Vemos que o mercado brasileiro tem um componente offline que nós podemos capturar e rentabilizar com lojas que não sejam tradicionais. Lojas com uma plataforma tecnológica muito forte que fazem com que a experiência de compra seja muito melhor e o nível de serviço muito superior ao que se tem tradicionalmente. Não vão ser lojas tradicionais. A experiência que temos com as lojas físicas da Viajes Falabella mostram que o Grupo Decolar pode operar essas lojas com muita sustentabilidade. 

Vai ter um perfil diferente das lojas da CVC então?

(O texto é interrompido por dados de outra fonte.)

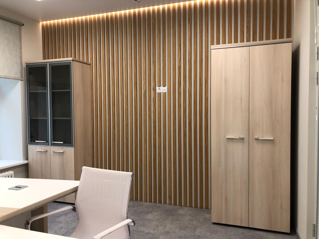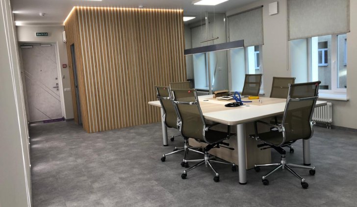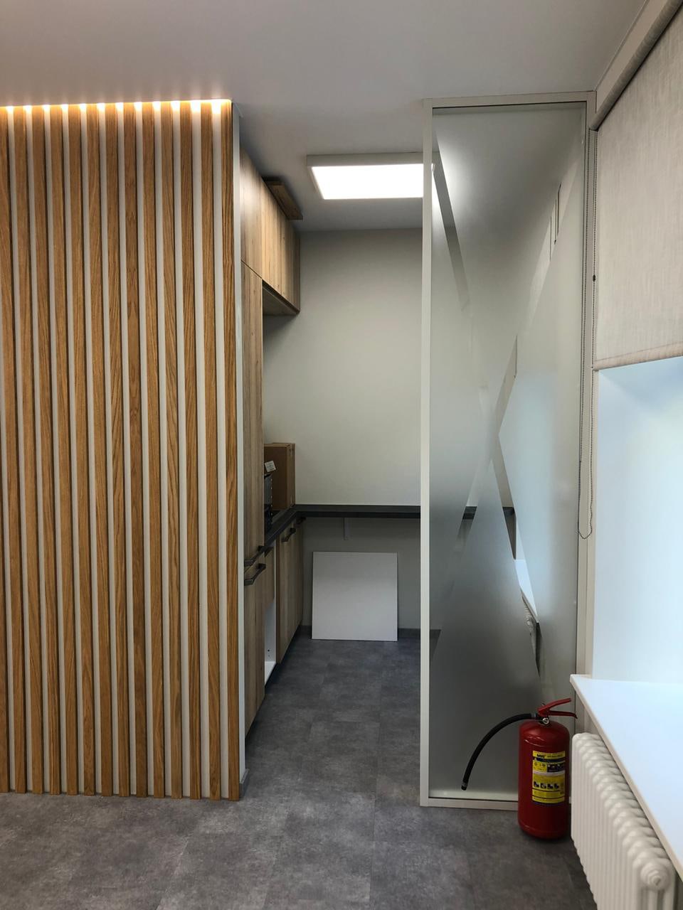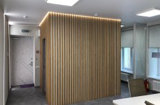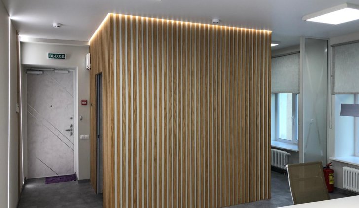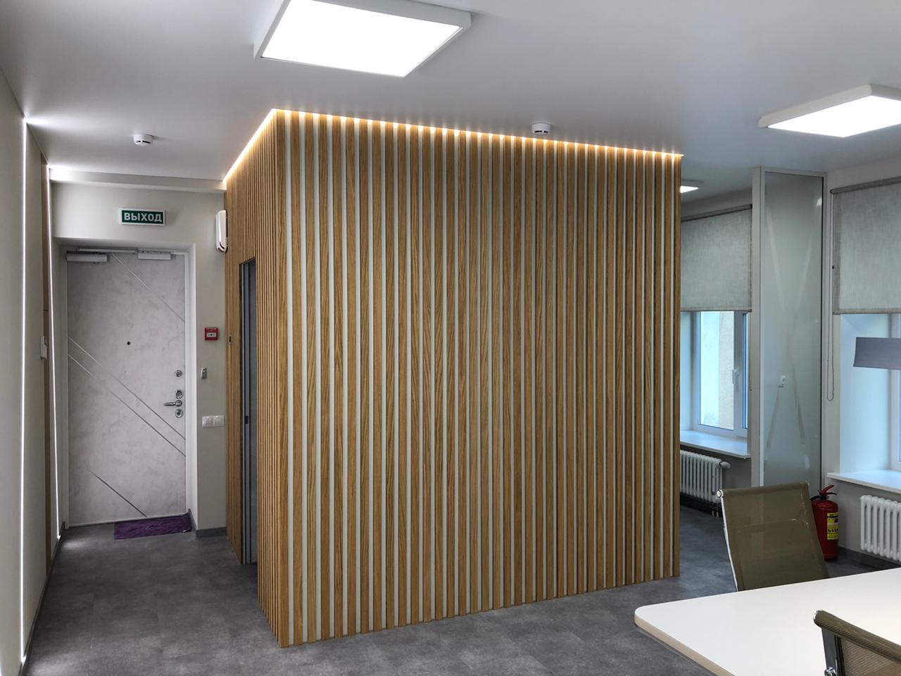 Блок санузла и кухни, задекорированный деревянными рейками, дополняет скрытая светодиодная подсветка тёплого оттенка. Такой же приём декоративного освещения в сочетании с рейками используется на одной из стен бэк-офиса. Основным освещением там также, как и переговорной, выступают квадратные накладные панели.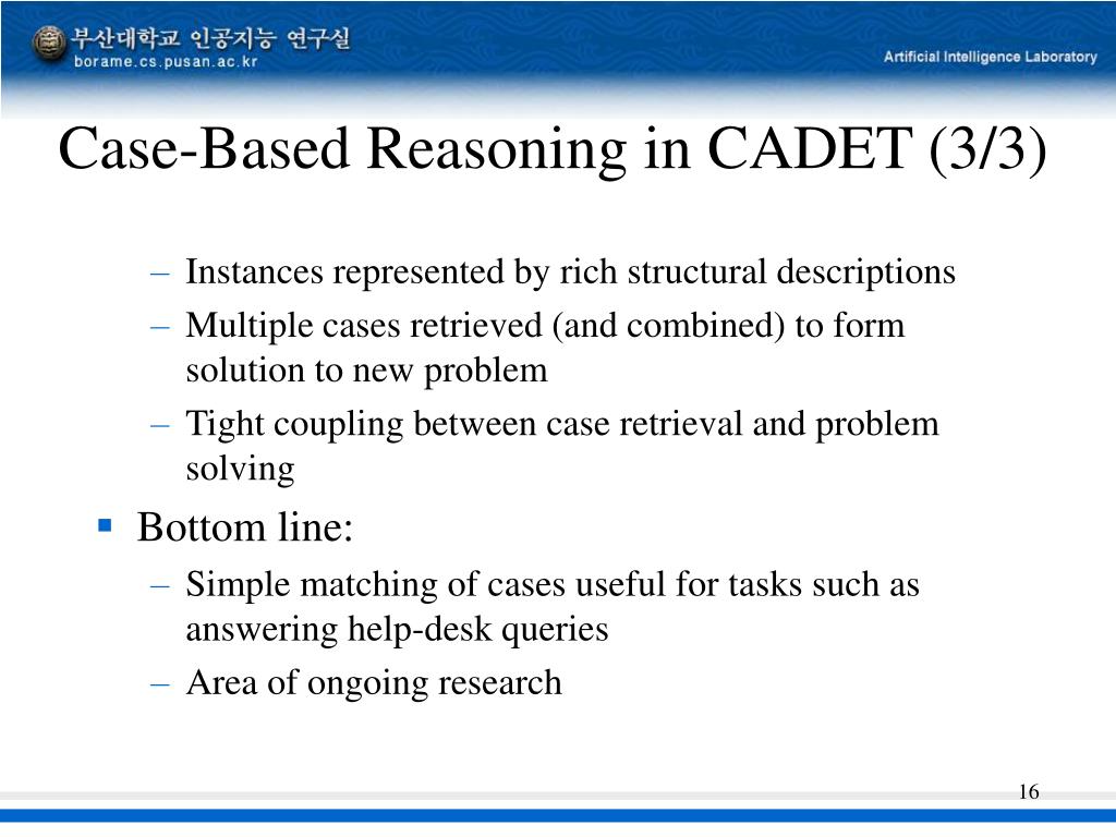 Case-Based Reasoning in CADET (3/3) • Instances represented by rich structural descriptions • Multiple cases retrieved (and combined) to form solution to new problem • Tight coupling between case retrieval and problem solving • Bottom line: • Simple matching of cases useful for tasks such as answering help-desk queries • Area of ongoing research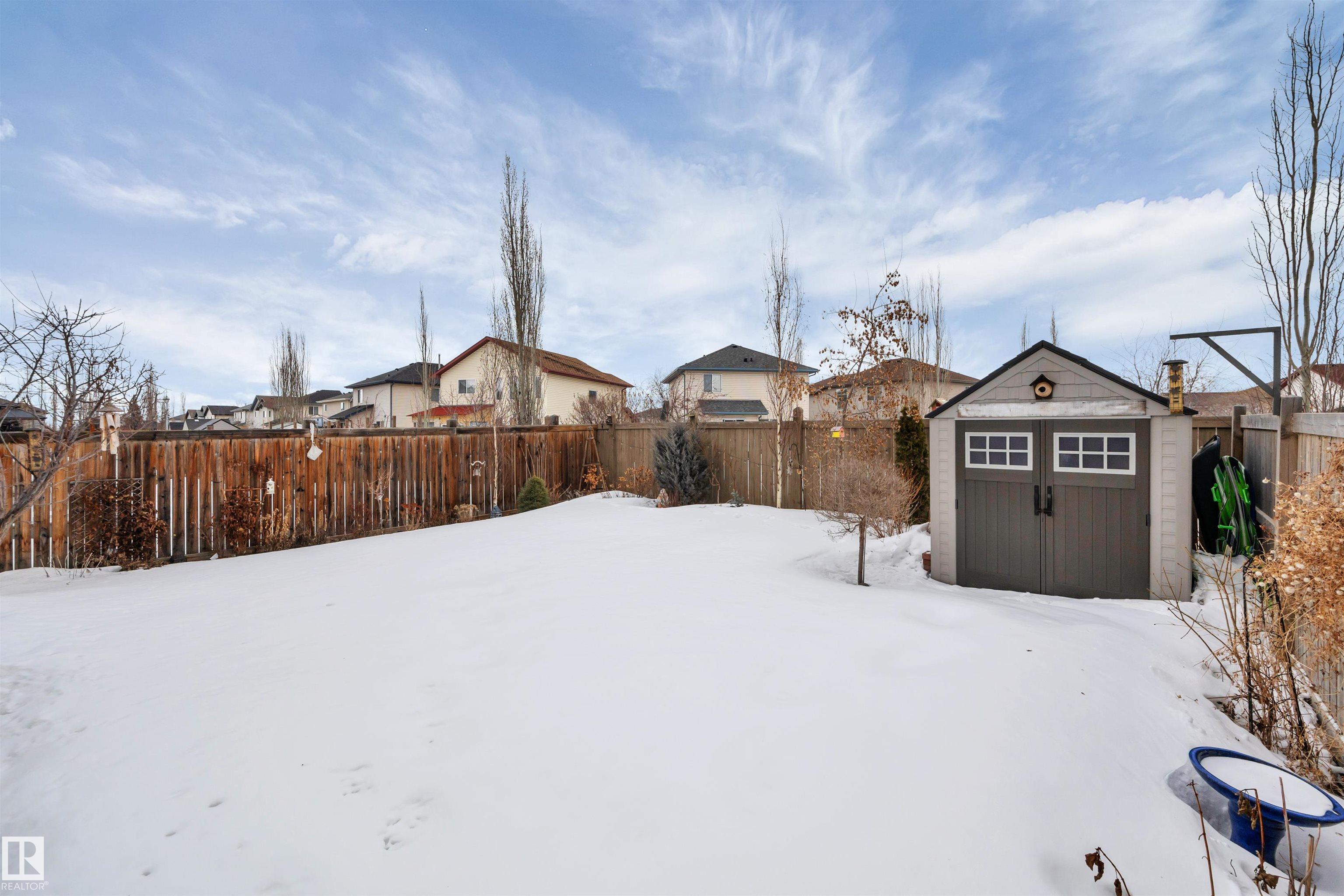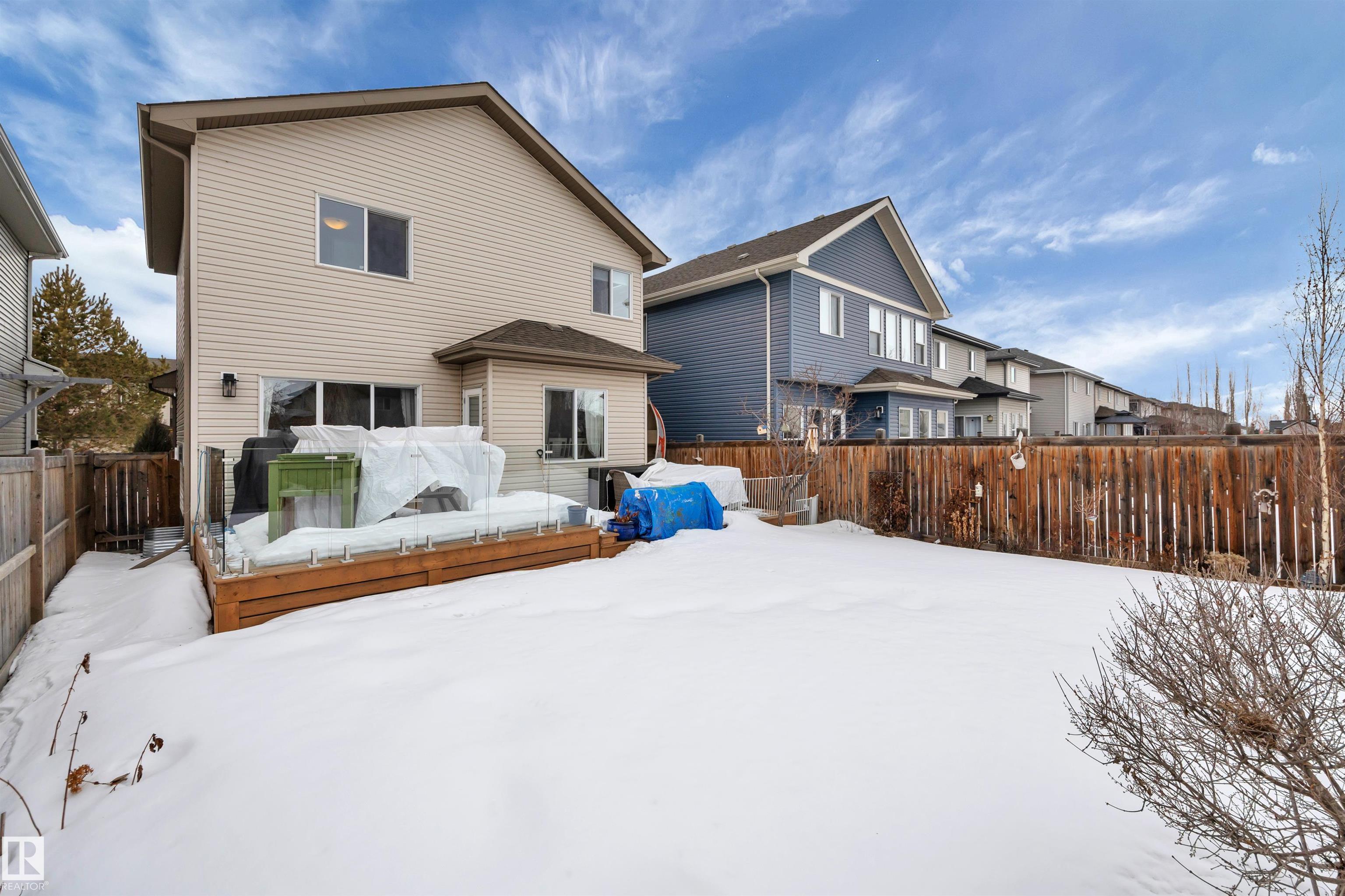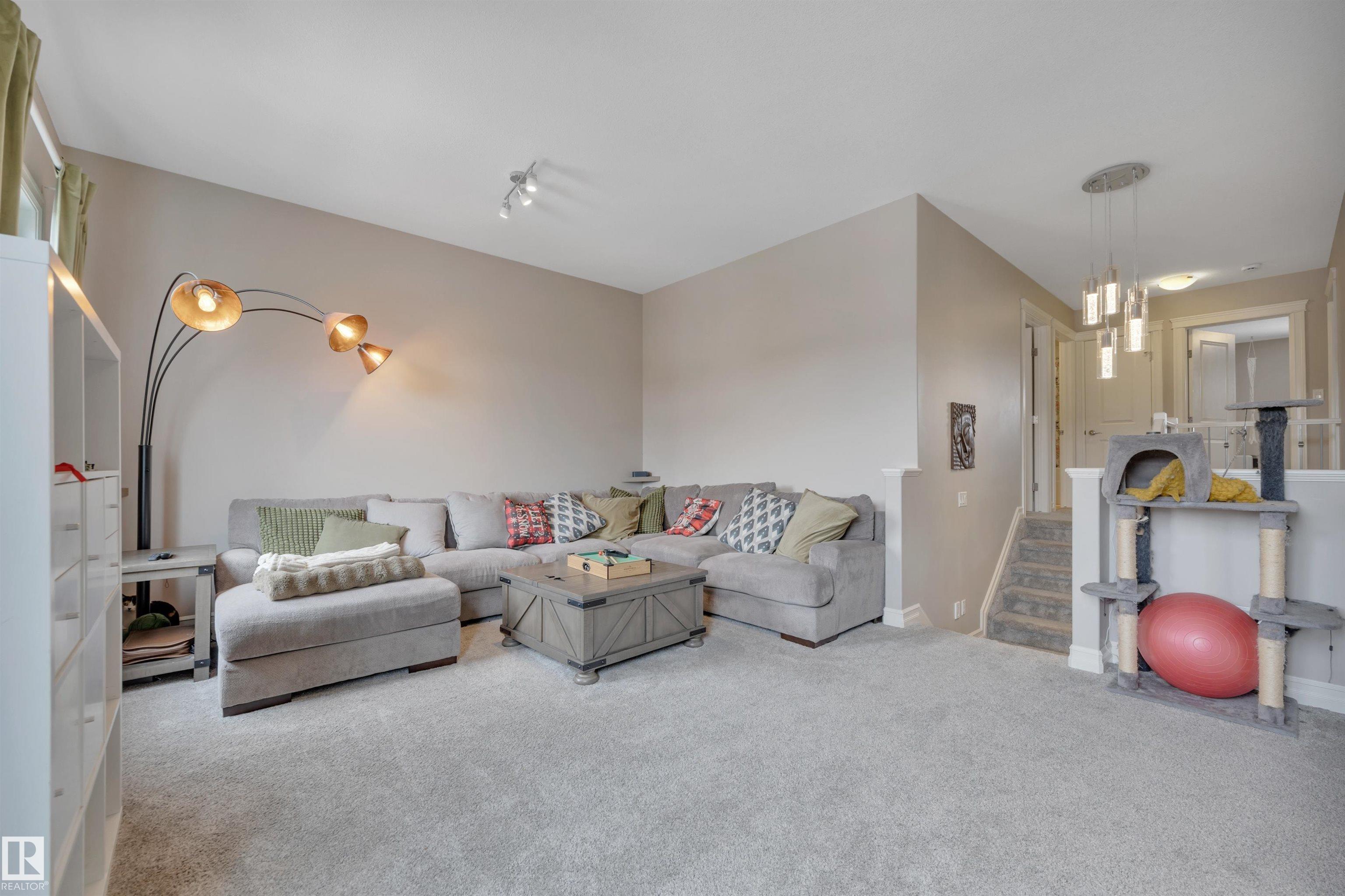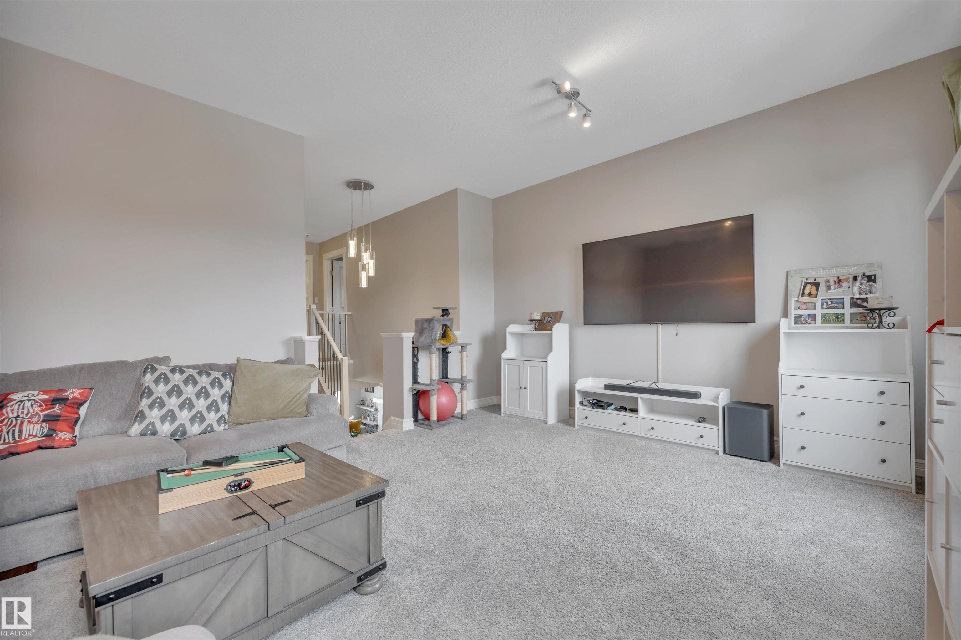 This F/F 3+1 bdrm & 3.5 bath home offers the perfect blend of space, comfort & timeless design. Rich hardwood, warm neutral tones & large windows fill the home with natural light and create a bright, welcoming feel.The open concept main floor is ideal for daily living & entertaining, featuring a spacious kitchen with white cabinetry, large island, corner pantry, dining area & seamless flow into the inviting living room with fireplace & shelving. Upstairs you'll love the impressive bonus room with soaring ceilings ? perfect for movie nights or a relaxing retreat. Generous bedrooms include a comfortable primary suite with 5 pc ensuite. The F/F bsmt. adds the 4th bdrm and large rec space ideal for a media room, games area or teen hangout. Enjoy the beautifully landscaped east-facing yard with glass-railed deck ideal for morning coffee and summer evenings. Located in the family friendly Hudson - close to parks, schools, all the amenities one needs with quick access to the Anthony Henday & Yellowhead.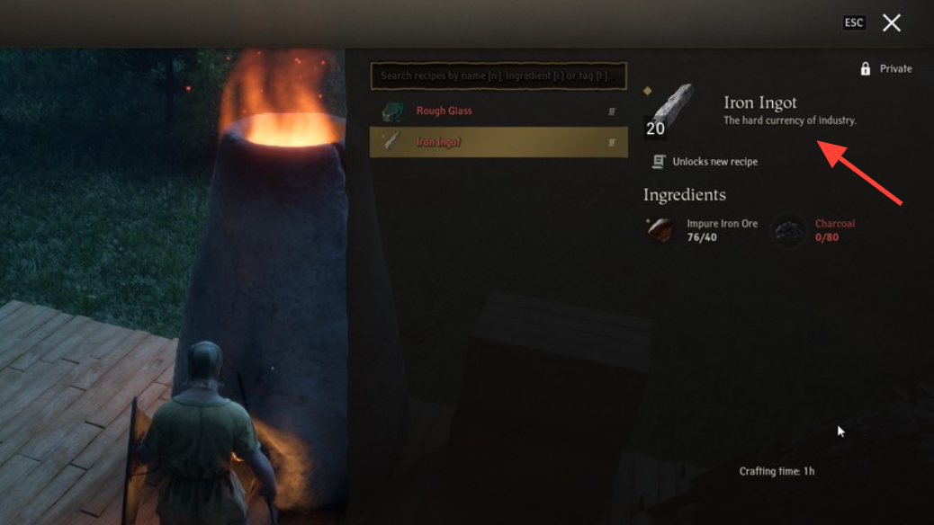 Expect wrought iron to open around the late teens. Steel-tier crafting arrives after that and assumes upgraded infrastructure.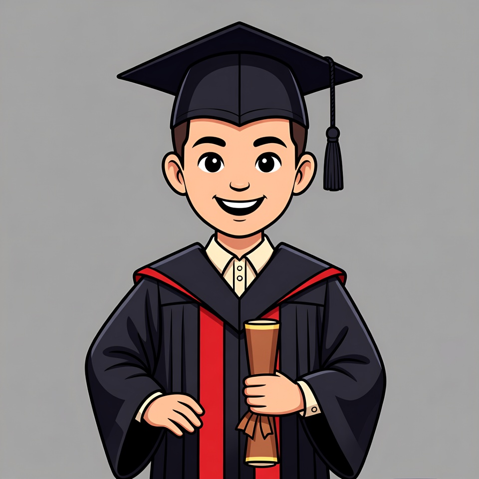 A cartoon boy with short brown hair smiles happily while wearing a black graduation cap and red-trimmed gown. He holds a rolled brown diploma in his right hand and stands with hands on hips. The illustration is set against a plain gray background.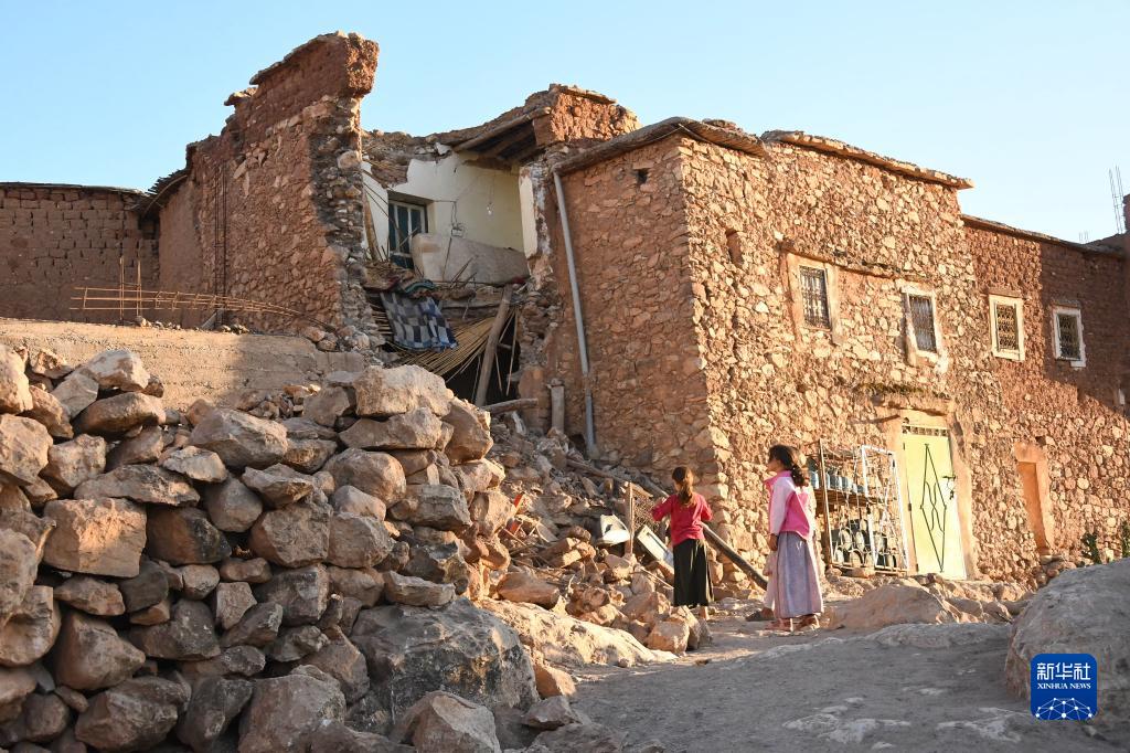 9月9日,在摩洛哥馬拉喀什附近,孩子們站在遭地震損毀的建筑旁。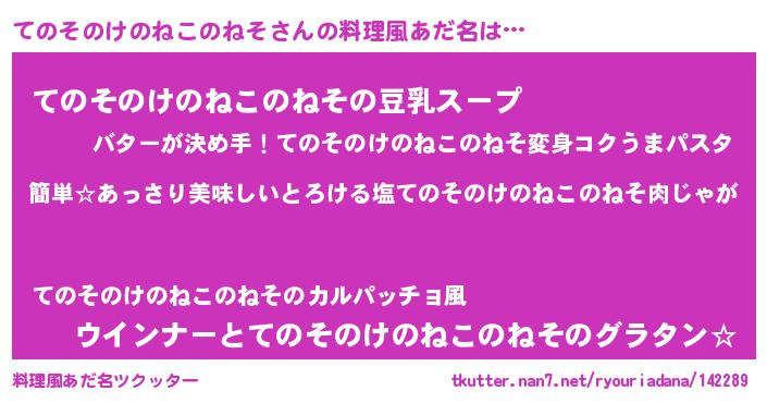 | 意味不明あだ名 | 『永久保存てのそのけのねこのねそ』 |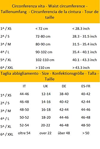White waist belt made of marino wool and cotton Height 31 cm Suitable for Conditions requiring heat therapy: colitis, abdominal pain, Lumbago, muscle pain. The high proportion of Merino wool ensures one good protection from the cold, while the cotton makes contact with the skin softer and makes it more pleasant. 100% Made in Italy Size Chart: Size 1^: Waist circumference under 72 cm, corresponding clothing size 38-40. Size 2^: waist circumference from 72 to 80 cm, corresponding clothing size 40-42. Size 3^: Waist circumference from 80 to 90 cm, corresponding clothing size 42-44. Size 4 ^: Waist circumference from 90 to 102 cm, corresponding clothing size 44-46. Size 5^: waist circumference from 102 to 110 cm, corresponding clothing size 46-48 Size 6^: Waist circumference over 110 cm, corresponding clothing size over 48

Sim, acredito que vai ter um perfil diferente de tudo que tem no mercado. Vão ser lojas muito mais inovadoras e tecnológicas. 

A ideia de vocês é abrir essas lojas como franquias ou lojas próprias?

Vai ser uma mescla.

Mas essas 15 primeiras devem ser próprias para testar?

Já devemos ter um mix. 

E qual o plano de médio/longo prazo de vocês. Pretendem construir uma rede de lojas do tamanho da CVC, por exemplo, que tem mais de mil lojas?

Não. Não queremos construir 1,2 mil lojas. Queremos nos concentrar nos pontos chaves, onde podemos agregar valor e onde há uma densidade de clientes e uma demanda muito grande. E vamos fazer gradualmente na medida em que nos assegurarmos do valor que as lojas físicas agregam à nossa operação. Dessa forma, temos três avenidas de crescimento: as lojas físicas, a operação online, que ainda tem muito espaço para crescer, e as aquisições. É uma empresa com muitas formas de crescer.

Mas a visão de vocês para as lojas físicas é que elas vão trazer mais vendas? Ou é mais para fidelizar o consumidor?

Achamos que vai trazer mais vendas. Vamos seguir isso muito de perto, mas onde já temos lojas físicas e site — em países como Chile, Peru, Colômbia, México, onde temos umas 150 lojas — sempre as lojas físicas agregam nas vendas.